Microsoft Corp says it’s seen the light and is abandoning the remote procedure call underpinnings to the COM+ component object model in favor of a message passing approach based on XML. It says that by exposing object services as XML, developers can use them through their existing skill-sets, and data interoperability with other systems will be opened up. The messaging paradigm is the way for scalable, de-centralized autonomous systems that are open and internet friendly said Microsoft’s Paul Maritz, group VP of Microsoft developer relations.

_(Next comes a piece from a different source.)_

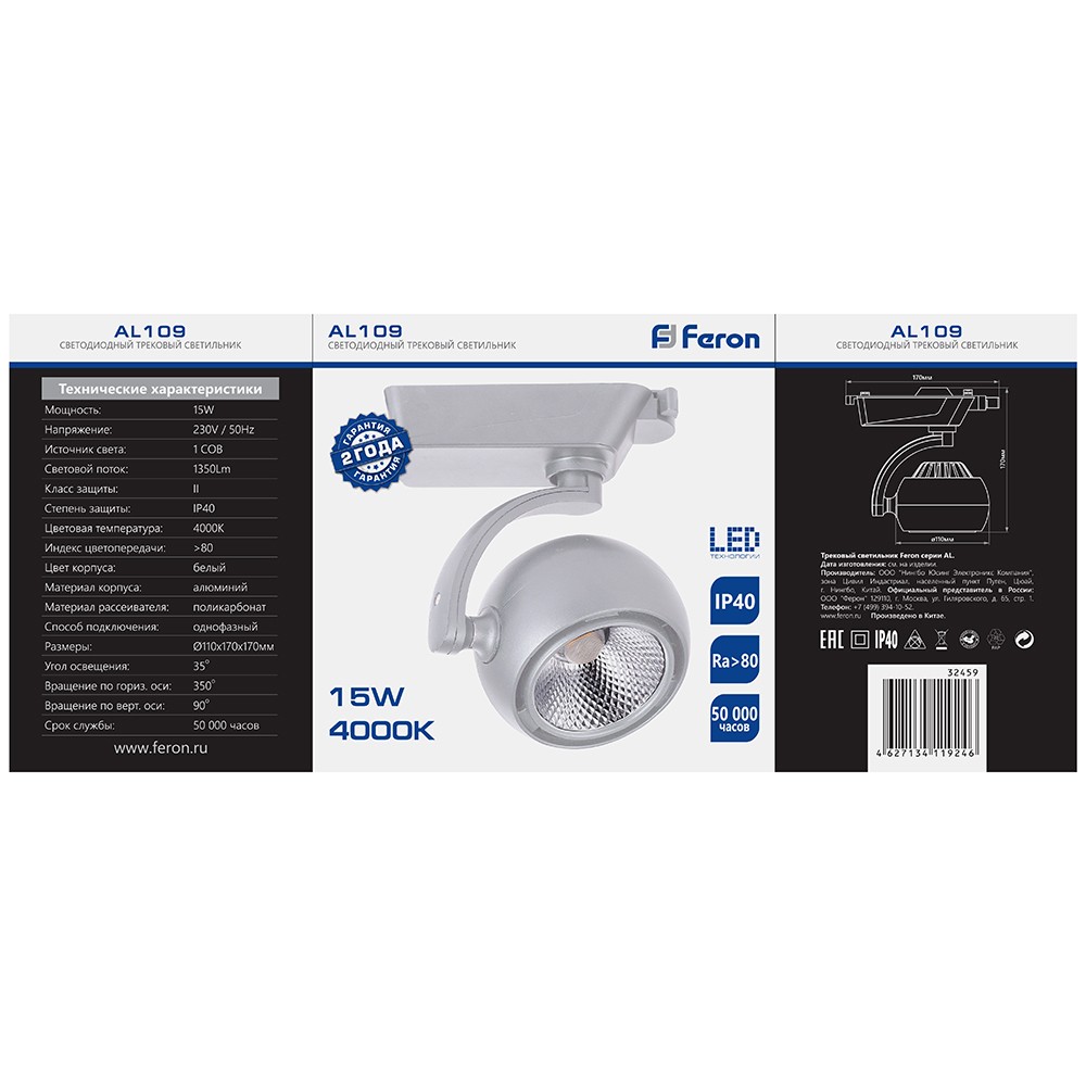 Светильник трековый на шинопровод, однофазный (ДПО) FERON AL109, 15W, 4000К (белый), 170-265V, 1350Lm, цвет белый, корпус алюминий, рассеиватель поликарбонат, вращение →350°/↓90°, 170*110*170 мм

He said that Microsoft wants to establish a set of loosely-coupled, message-oriented web services not limited to a single programming model or language.

The old sea of object vision is not going to happen, said Maritz, taking a swipe at Sun’s Jini, which is based on remote method invocation, and also at the Object Management Group’s now somewhat elderly Corba services. Maritz admitted that Microsoft’s own DCom technology fits into the same category. Jini, he said, required one language, one runtime, and a closed communications method whereby all the machines participating need to have the right runtimes – in the same versions – to work together.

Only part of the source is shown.